> **EXERCISE BRIEF**:
Nothing but the lines from the one with "As medidas de" through the final line of the entries should appear in the answer, copied exactly and without pictures.

> **Data items**:
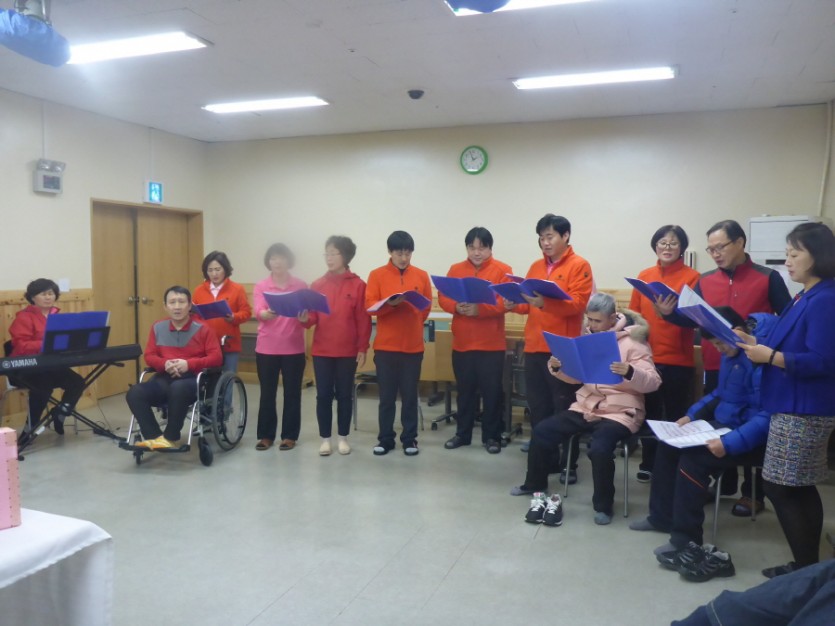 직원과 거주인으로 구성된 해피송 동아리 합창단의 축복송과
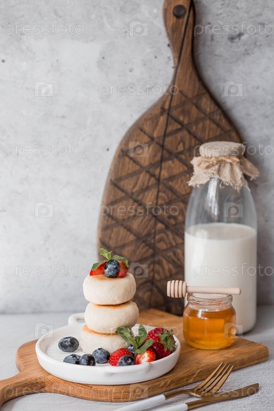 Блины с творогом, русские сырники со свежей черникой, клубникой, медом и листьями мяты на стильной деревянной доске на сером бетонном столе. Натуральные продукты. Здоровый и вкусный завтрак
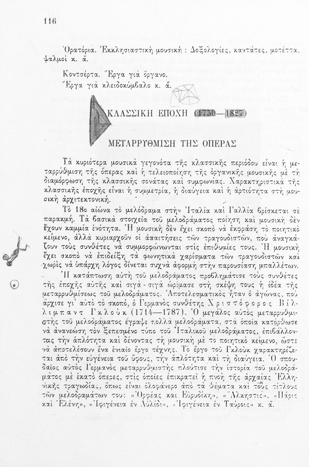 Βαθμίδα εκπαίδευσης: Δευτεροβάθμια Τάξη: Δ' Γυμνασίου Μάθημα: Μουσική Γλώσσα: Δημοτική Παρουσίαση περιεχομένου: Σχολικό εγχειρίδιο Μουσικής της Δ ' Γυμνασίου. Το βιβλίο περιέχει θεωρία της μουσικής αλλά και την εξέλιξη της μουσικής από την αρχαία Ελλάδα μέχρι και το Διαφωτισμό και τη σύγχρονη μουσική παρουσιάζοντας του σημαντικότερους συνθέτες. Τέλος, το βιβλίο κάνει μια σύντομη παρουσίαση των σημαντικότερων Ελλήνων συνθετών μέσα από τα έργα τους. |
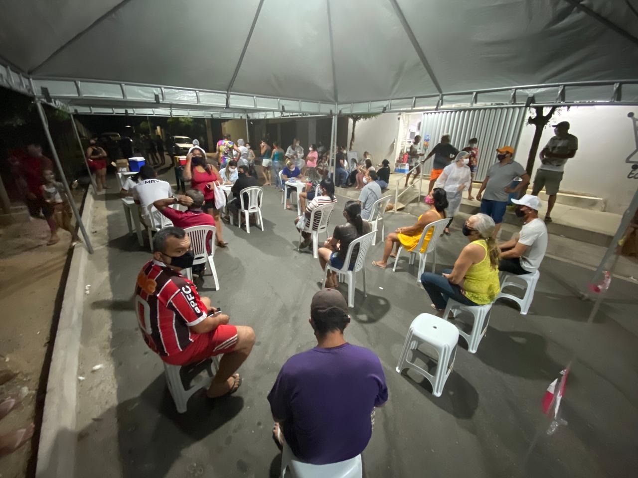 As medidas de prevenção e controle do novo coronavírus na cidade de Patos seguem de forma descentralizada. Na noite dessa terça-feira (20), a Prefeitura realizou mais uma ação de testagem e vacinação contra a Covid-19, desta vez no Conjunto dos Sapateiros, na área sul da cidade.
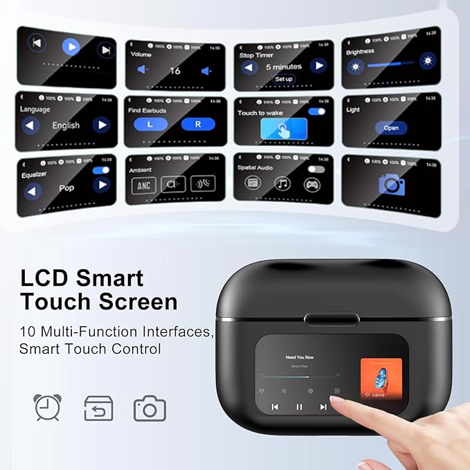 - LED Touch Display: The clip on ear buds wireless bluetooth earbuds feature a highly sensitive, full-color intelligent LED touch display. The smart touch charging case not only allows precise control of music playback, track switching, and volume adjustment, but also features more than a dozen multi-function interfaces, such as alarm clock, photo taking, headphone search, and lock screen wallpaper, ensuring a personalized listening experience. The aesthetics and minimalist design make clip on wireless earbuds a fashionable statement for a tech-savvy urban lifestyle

> **THE COMPLETED TASK**:
 As medidas de prevenção e controle do novo coronavírus na cidade de Patos seguem de forma descentralizada. Na noite dessa terça-feira (20), a Prefeitura realizou mais uma ação de testagem e vacinação contra a Covid-19, desta vez no Conjunto dos Sapateiros, na área sul da cidade.
 - LED Touch Display: The clip on ear buds wireless bluetooth earbuds feature a highly sensitive, full-color intelligent LED touch display. The smart touch charging case not only allows precise control of music playback, track switching, and volume adjustment, but also features more than a dozen multi-function interfaces, such as alarm clock, photo taking, headphone search, and lock screen wallpaper, ensuring a personalized listening experience. The aesthetics and minimalist design make clip on wireless earbuds a fashionable statement for a tech-savvy urban lifestyle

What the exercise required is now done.